Overall research question: Given a set of basic ontologies, can we create through a bottom-up, emergent procedure a set of mappings between them that allows integrated reasoning with the combination of the basic ontologies.
Operational questions that must be decided are what mappings are allowed between the basic ontologies (e.g. equivalence, subsumption, approximate, others?), and how to measure the quality of the obtained result.
Computation cost: Is this procedure computationally feasible? How do the computational costs scale with the sizes of the basic ontologies, with number of the basic ontologies, with the connectivity in the network, etc.
The appropriate performance parameters must be determined as part of the research. (Due to the exploratory nature of the project).

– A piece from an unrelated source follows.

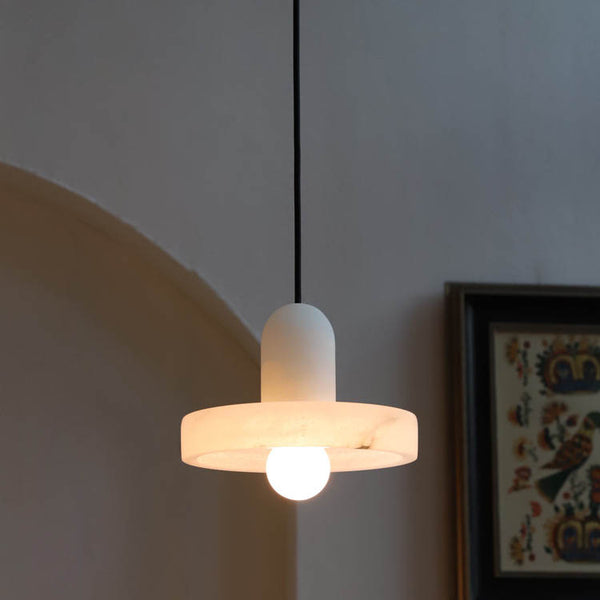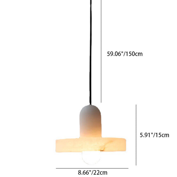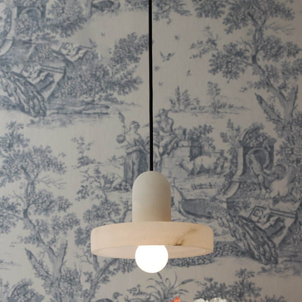 Suspension en laiton à 1 lumière avec abat-jour rond en marbre chinois traditionnel pour salon

Methodology: What is a sound experimental validation methodology? One option is to use real-life data, for examply by adopting the benchmarking data from the annual Ontology Alignment Challenge (2004, 2005, 2006), where both data and answer sets are publicly available.
Alternatively, we can use random generators that produce representative problem instances, given some of the scaleable parameters mentioned above.
The following four steps represent a work programme that is, of course, subject to adjustments on-the-fly.
Survey existing work and identify key assumptions and parameters: Because the goal of this proposal is to build up a position in this area (rather than build on an existing one), we start with a survey of existing work in the area of emergent Knowledge Representations, for instance gossiping-style approaches. This should lead to a survey of the state-of-the-art, including better understanding of the problem area, the identification of key assumptions behind the existing work, the parameters that determine the design-space of these systems, and an inventory of the main challenges.
Repeat some of the earlier experiments: As part of building up our expertise in this area, we will want to do not only a paper survey of work by others, but also repeat some of the earlier experiments ourselves. This will no doubt help in identification of key assumptions and parameters, will result in a critical appraisal of the results obtained by others, and will yield inspiration for the next phase.
Extend with new experiments: We expect that after the first year, we will be in a position to formulate new models, to formulate new predictions based on these models, and to design new experiments to validate these predictions.
Generalise beyond experiments: In the final year, we will want to take a step back from the model-building and experimentation in years 2 and 3 (step 4), and to see if we can make claims about the generalisability of our results beyond the specific settings of our experiments. Also, we will want to consider the philosophical aspects related to this work.